===== SOURCE DATA =====

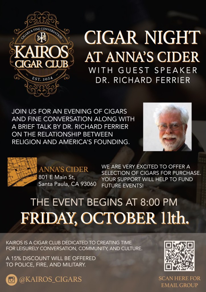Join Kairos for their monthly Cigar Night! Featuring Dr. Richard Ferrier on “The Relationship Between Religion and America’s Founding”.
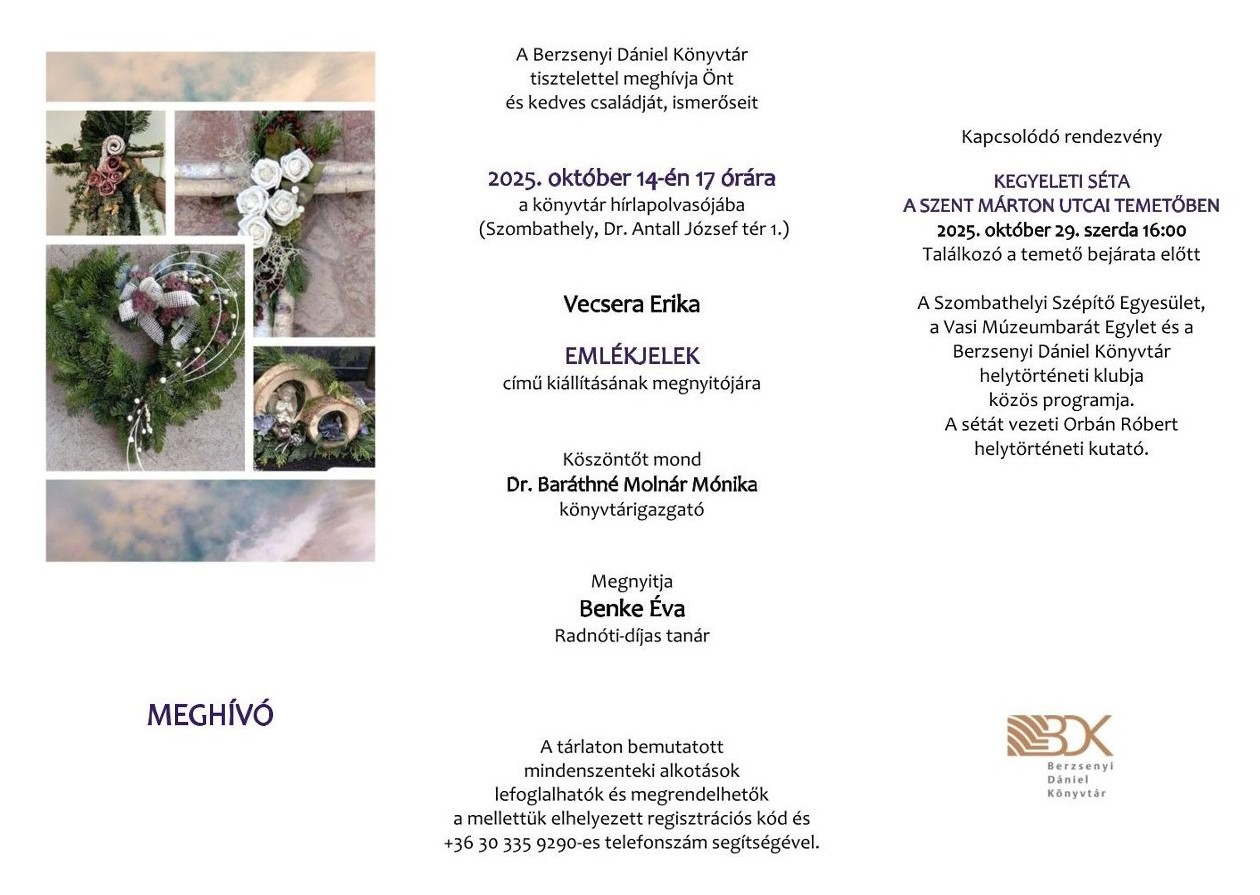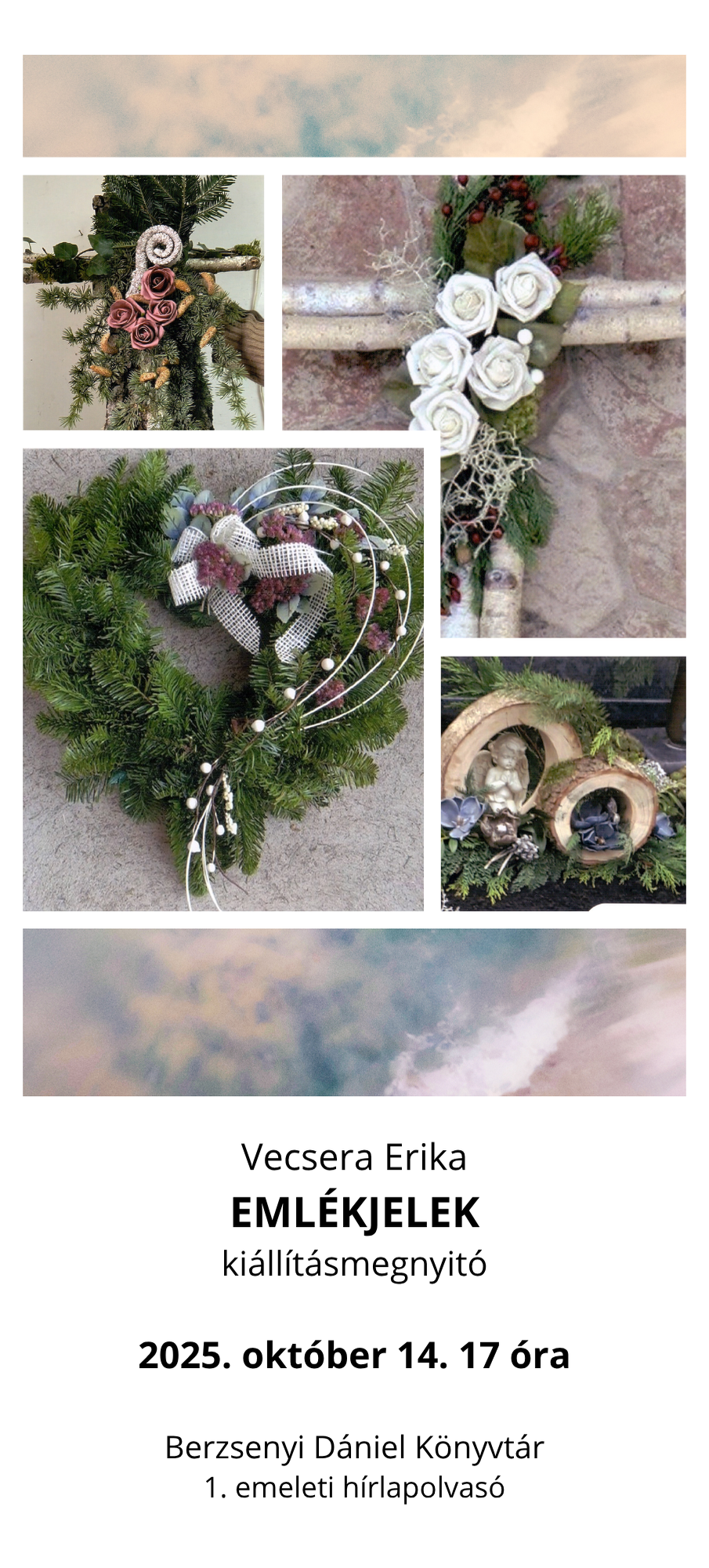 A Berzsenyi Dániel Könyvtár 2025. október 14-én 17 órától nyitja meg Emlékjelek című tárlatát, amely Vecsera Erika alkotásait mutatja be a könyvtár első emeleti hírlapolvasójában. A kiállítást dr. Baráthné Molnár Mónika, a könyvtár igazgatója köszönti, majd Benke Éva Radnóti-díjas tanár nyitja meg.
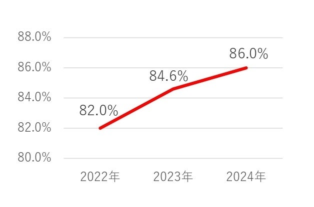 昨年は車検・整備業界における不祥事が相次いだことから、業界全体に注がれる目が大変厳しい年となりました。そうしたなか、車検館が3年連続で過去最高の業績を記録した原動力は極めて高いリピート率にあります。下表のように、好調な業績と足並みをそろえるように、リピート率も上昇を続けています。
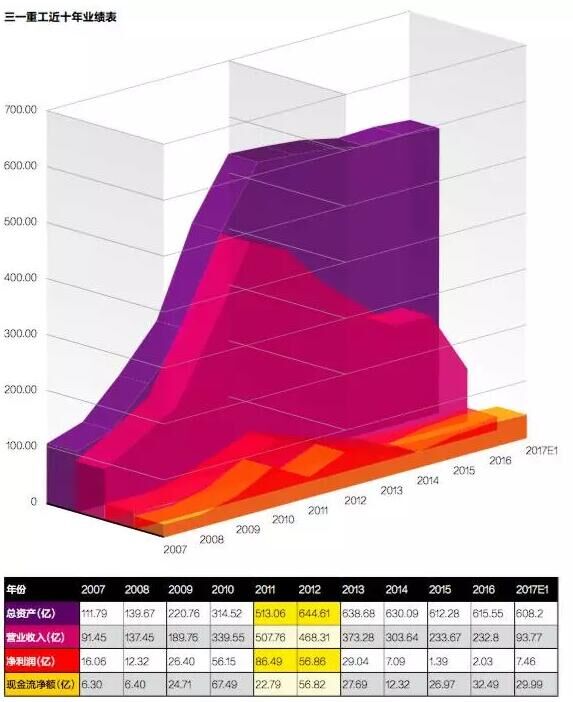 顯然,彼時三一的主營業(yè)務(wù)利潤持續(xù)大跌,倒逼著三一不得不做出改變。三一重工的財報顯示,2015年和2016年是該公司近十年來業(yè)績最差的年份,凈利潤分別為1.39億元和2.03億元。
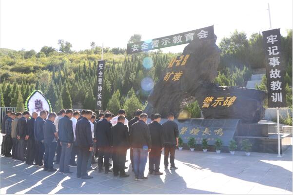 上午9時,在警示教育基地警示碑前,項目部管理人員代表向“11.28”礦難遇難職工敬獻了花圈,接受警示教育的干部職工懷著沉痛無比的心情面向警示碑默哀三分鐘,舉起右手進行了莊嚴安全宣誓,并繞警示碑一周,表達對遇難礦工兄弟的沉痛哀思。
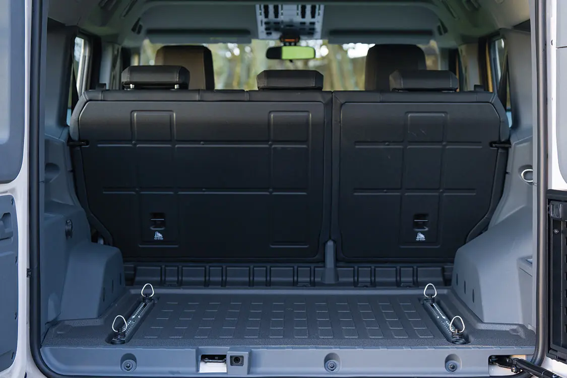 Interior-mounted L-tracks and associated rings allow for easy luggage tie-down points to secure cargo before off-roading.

=====

▸ **EXERCISE DESCRIPTION**
Only the lines from the one containing "顯然,彼時三一的主營業(yè" through the end of the records above should be retyped, exactly as they stand, with any pictures left out.

▸ **EXPECTED OUTPUT**
 顯然,彼時三一的主營業(yè)務(wù)利潤持續(xù)大跌,倒逼著三一不得不做出改變。三一重工的財報顯示,2015年和2016年是該公司近十年來業(yè)績最差的年份,凈利潤分別為1.39億元和2.03億元。
 上午9時,在警示教育基地警示碑前,項目部管理人員代表向“11.28”礦難遇難職工敬獻了花圈,接受警示教育的干部職工懷著沉痛無比的心情面向警示碑默哀三分鐘,舉起右手進行了莊嚴安全宣誓,并繞警示碑一周,表達對遇難礦工兄弟的沉痛哀思。
 Interior-mounted L-tracks and associated rings allow for easy luggage tie-down points to secure cargo before off-roading.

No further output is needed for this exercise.